◆ EXERCISE DETAILS:
Your job is to set down the stretch of entries that opens with the line containing "Aliansi Wartawati Indonesia" and closes with the line containing "Early September snow". Keep both end lines, copy each exactly, and add nothing.

◆ DATA:
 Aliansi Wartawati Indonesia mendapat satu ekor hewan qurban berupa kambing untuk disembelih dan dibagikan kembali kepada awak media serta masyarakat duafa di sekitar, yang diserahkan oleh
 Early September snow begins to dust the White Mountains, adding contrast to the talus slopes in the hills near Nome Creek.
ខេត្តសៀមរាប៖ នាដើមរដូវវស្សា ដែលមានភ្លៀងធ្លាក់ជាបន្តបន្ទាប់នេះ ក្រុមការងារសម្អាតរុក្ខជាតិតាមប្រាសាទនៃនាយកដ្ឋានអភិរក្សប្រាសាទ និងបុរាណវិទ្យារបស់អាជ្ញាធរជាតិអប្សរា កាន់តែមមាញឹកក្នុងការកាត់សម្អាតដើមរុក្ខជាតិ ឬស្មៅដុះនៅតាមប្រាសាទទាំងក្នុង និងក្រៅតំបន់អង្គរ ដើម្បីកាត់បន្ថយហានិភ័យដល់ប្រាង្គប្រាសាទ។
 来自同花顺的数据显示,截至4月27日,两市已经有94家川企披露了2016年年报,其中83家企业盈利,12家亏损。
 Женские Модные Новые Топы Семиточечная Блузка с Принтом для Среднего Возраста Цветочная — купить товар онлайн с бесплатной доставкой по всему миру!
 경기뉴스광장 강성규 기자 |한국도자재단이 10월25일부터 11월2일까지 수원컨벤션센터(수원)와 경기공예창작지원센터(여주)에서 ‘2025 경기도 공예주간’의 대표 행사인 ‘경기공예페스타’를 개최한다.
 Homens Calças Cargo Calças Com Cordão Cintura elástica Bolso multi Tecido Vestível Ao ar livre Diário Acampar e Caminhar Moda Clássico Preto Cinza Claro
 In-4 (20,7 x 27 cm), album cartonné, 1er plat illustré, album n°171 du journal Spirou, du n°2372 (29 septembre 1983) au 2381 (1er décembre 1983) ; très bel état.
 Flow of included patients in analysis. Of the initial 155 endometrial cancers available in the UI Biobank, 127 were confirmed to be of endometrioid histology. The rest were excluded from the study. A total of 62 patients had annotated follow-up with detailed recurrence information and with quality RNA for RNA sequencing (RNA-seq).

---

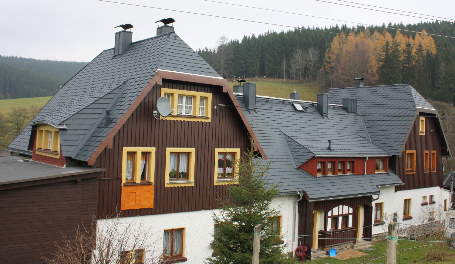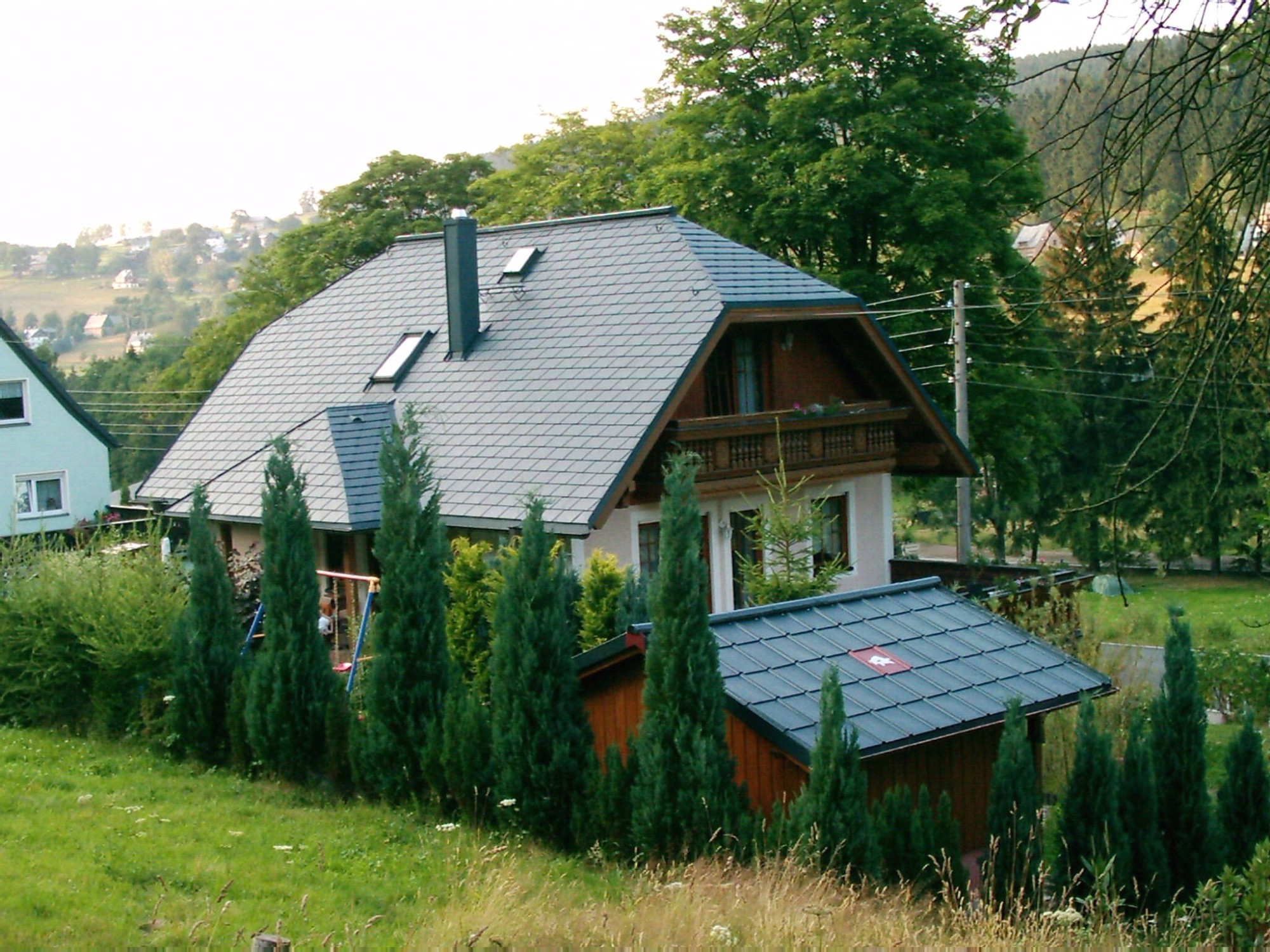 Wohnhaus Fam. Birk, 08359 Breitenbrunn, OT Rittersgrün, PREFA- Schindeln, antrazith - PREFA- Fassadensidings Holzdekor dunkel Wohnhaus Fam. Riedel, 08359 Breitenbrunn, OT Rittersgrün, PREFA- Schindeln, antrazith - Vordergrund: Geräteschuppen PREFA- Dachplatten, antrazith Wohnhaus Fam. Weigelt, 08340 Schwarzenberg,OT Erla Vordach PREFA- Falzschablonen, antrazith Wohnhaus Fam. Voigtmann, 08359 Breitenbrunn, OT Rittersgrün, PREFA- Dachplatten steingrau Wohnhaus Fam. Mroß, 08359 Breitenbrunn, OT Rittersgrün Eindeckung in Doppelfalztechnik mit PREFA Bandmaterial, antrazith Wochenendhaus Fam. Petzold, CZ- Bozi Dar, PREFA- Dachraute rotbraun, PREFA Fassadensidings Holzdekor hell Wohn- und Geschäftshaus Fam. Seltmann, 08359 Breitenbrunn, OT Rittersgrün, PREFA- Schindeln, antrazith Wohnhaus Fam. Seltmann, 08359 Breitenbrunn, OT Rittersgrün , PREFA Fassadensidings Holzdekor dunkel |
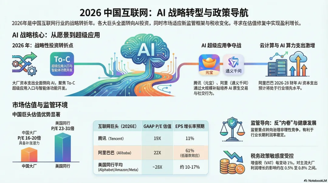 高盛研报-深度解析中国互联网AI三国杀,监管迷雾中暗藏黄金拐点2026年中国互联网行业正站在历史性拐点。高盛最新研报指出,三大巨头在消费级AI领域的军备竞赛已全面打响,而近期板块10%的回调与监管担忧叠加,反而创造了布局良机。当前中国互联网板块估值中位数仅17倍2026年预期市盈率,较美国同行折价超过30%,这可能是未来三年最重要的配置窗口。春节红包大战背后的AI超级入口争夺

...

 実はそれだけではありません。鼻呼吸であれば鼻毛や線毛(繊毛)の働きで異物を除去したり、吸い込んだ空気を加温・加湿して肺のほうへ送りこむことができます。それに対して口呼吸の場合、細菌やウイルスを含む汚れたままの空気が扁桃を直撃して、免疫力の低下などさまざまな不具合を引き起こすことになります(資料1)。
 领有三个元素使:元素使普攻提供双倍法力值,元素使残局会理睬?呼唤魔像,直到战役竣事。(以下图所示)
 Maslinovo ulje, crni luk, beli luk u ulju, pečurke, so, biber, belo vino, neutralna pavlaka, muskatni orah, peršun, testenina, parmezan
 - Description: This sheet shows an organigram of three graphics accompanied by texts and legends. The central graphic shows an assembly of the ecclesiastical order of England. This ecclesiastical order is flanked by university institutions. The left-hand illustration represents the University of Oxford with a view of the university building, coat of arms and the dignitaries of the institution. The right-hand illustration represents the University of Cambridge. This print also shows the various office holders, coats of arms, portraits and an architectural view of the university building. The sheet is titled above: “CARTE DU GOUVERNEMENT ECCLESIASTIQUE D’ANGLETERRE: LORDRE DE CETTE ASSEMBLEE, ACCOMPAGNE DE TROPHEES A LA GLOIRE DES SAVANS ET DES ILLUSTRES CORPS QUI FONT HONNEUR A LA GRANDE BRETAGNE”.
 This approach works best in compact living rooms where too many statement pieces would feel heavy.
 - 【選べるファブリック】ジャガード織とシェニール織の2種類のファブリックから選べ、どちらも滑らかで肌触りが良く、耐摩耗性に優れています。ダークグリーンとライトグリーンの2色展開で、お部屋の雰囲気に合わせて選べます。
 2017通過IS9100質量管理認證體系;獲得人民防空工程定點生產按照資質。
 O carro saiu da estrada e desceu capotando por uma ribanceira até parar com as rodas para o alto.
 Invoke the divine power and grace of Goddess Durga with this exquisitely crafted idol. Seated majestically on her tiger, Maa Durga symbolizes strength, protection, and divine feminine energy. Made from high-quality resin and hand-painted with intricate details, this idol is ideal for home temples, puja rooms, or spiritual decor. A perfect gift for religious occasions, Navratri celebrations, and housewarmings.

◆ ANSWER TO THIS EXERCISE:
 Aliansi Wartawati Indonesia mendapat satu ekor hewan qurban berupa kambing untuk disembelih dan dibagikan kembali kepada awak media serta masyarakat duafa di sekitar, yang diserahkan oleh
 Early September snow begins to dust the White Mountains, adding contrast to the talus slopes in the hills near Nome Creek.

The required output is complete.